Carmen Muñoz
Finalista XXIV PREMIO INTERNACIONAL DE CUENTOS MAX AUB 2010)
Los ojos del coyote seguían el vuelo de las plumas de quetzal. Con mirada brillante se recreaba en el devenir de aquellas dagas incruentas que acuchillaban el viento en la tarde mejicana. La presa seguía poseída por la atávica danza, ofrenda tardía al Quinto Sol que moría un poco más cada día.
No tenía prisa, estaba condenada, y se divertía dejándole creer que era todavía un ser libre. Más tarde hincaría los colmillos sobre su cuello robándole el aliento, suavemente, haciéndole saber quién era desde entonces el amo de su vida. Cualquier gesto brusco, cualquier intento por zafarse apretaría el abrazo de sus mandíbulas, estrangulándola, pero aún había tiempo y a él le gustaba ser generoso con sus víctimas.
Los pies, protegidos por los cactli golpeaban el suelo en cada salto haciendo sonar las ajorcas alrededor de los tobillos. Sólo los encumbrados podían llevar esas sandalias de tiras de cuero, el resto de la población vivía descalza, parecía no dolerles los guijarros que se les clavaban en las plantas o, al menos, no se quejaban. Antes de comenzar la danza el guerrero se había despojado de su tilmatli, que llevaba sujeto al hombro y cuyos dibujos, entramados de oro y plata, indicaban su alta posición en el rango militar, era un pilli,, un héroe. Un rico pectoral oscilaba en cada envite de su pecho al compás de la música monótona, dura y repetitiva que llevaba al éxtasis. Sartales de caracolas y turquesas acorazaban sus músculos desnudos. No podía dejar de bailar. Los ricos brazaletes de sus brazos lo aferraban como grilletes a la alta posición que detentaba, la de los señores de aquella tierra. Su cabeza se estremecía debajo del penacho de plumas de aves raras como un arco iris enfebrecido. La sangre en sus venas recorría su cuerpo obligándole a sacudirse al dictado de la memoria de sus antepasados. El tiempo había detenido su loca carrera y parecía en suspenso hasta que el último golpe de timbal lo sacó del trance. El poderoso azteca volvió a ser un pobre campesino sin tierra.
Con cuidado guardó sus galas, como le gustaba llamar a su plumado disfraz, en una caja de cartón sobre el armario del cuartucho que compartía con cinco hermanos desde que el mayor de ellos, Miguel, lo había abandonado para dirigirse a la tierra de los gringos. Una torpe carta, escrita tres meses después de su partida, les había anunciado que había cruzado la línea divisoria por algún punto de los tres mil quinientos kilómetros de frontera que separaban las dos civilizaciones. Sumergirse en las aguas del río Grande a nado suponía el bautismo que lo convertía en hijo bastardo de “la gran puta del norte”, un “wet back” o “espaldas mojadas”. Él sería el siguiente.

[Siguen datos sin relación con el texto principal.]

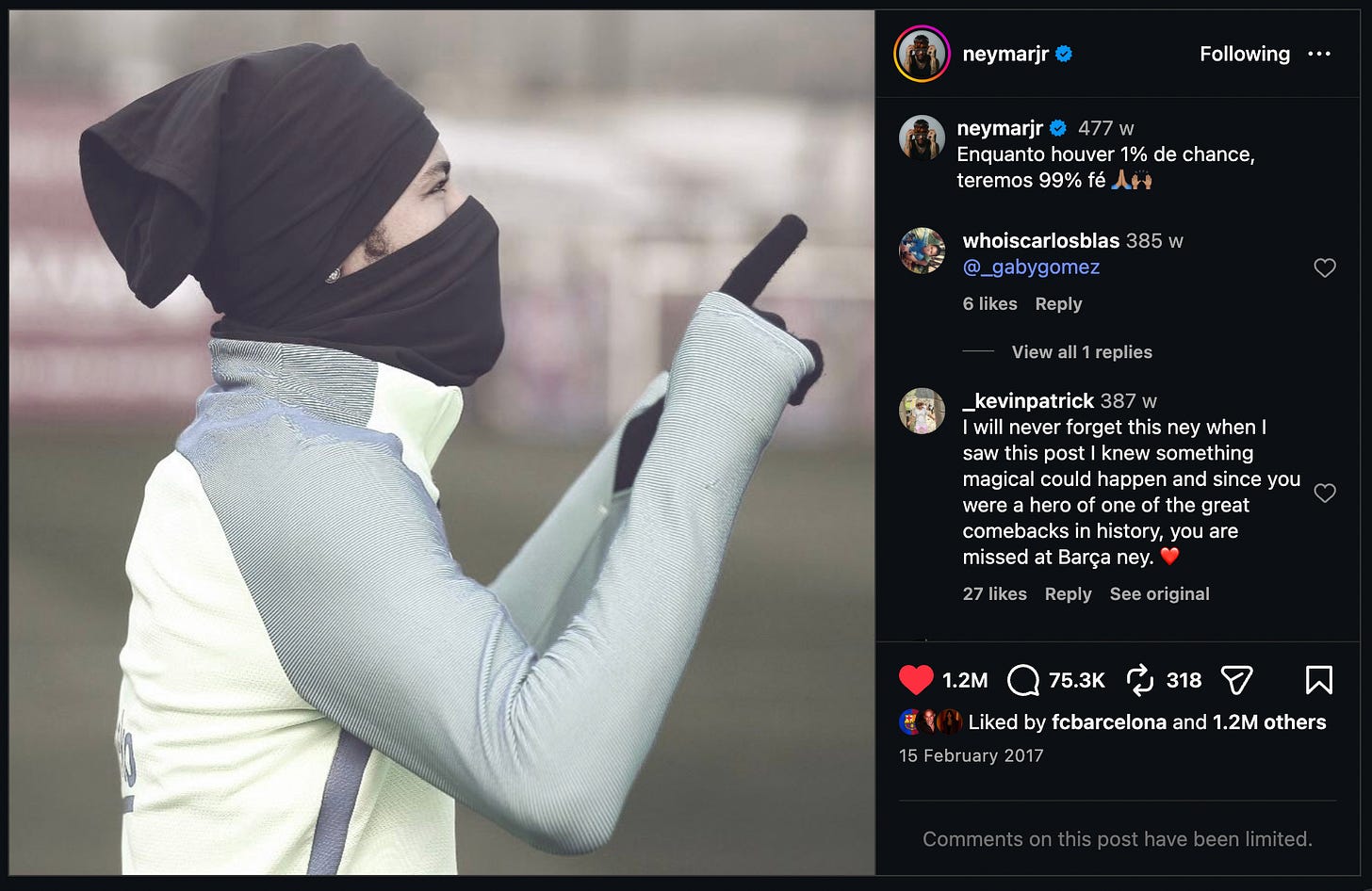 This mindset was famously immortalized by football star Neymar Jr. during a season that looked mathematically dead. He didn’t look at the stats; he posted: “As long as there is a 1% chance, we will have 99% faith.”
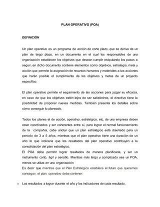 El documento presenta un plan operativo anual (POA) elaborado por Gustavo González y otros miembros para la gestión administrativa. Explica que un POA es un programa de corto plazo para alcanzar los objetivos de un plan estratégico de largo plazo, asignando recursos y acciones específicas. Detalla los componentes clave de un POA como objetivos, actividades, responsables, recursos y cronograma, y la importancia de realizar seguimiento periódico para asegurar el cumplimiento de las metas planificadas.

Se enfundó sus “jeans” gastados, una camiseta de colores comidos por las lavadas y las deportivas nuevas que escondía debajo de la cama para quitarlas de la vista de sus compañeros de dormitorio, que las miraban golosamente. Ya en la calle, Emiliano se dirigió hacia la plaza festiva en la que hacía un rato se había sentido un amo del mundo, un príncipe de la guerra precolombino. Apoyado en la pared del bar, el coyote lo esperaba con un tequila en la mano. Aunque anochecía, el traficante de ilegales cubría su frente sudorosa con un sombrero tejano y una estrella de plata de cinco puntas ceñida al cuello tapaba el primer botón de su camisa. Entre las rendijas de su mirada oblicua de indio, vio venir a su cliente.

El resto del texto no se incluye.